The National Infrastructure Commission (NIC) has published its interim National Infrastructure Assessment, which examines seven key areas and sets out the vision and priorities for helping meet the country’s needs up to 2050. 

“Congestion, Capacity, Carbon – priorities for national infrastructure” identifies key areas for consideration and consultation in preparation for the Commission’s 2018 National Infrastructure Strategy, which will be published next summer and will set out its plan to equip Britain to thrive and compete globally through to 2050.
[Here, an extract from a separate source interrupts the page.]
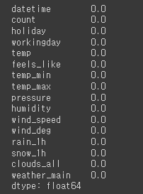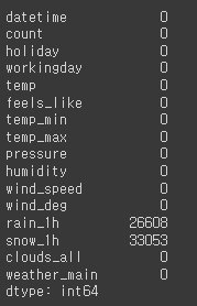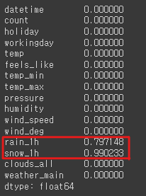 ✅ 결측지에 대한 비율이 높고 1시간당 비와 눈의 여부이기 때문에 오지않은 경우로 판단 ➡ 0으로 결측지 채움

The seven key areas are set out as:

  • Building a digital society
  • Connected, liveable city-regions
  • Infrastructure to support housing
  • Eliminating carbon emissions from energy and waste
  • A revolution in road transport
  • Reducing the risk of drought and flooding
  • Financing and funding infrastructure in efficient ways

Britain’s infrastructure must overcome major challenges if it is to meet the needs of future generations, the NIC says. Chief amongst these over the coming decades will be the threats posed to the country’s prosperity and quality of life by congestion, lack of capacity and carbon.

The published document marks the next phase of the UK’s first National Infrastructure Assessment, setting out the Commission’s vision and priorities for action, and consulting on “what needs to be done to achieve them”.

Addressing these seven priorities will equip the UK with the infrastructure it most needs, the NIC says.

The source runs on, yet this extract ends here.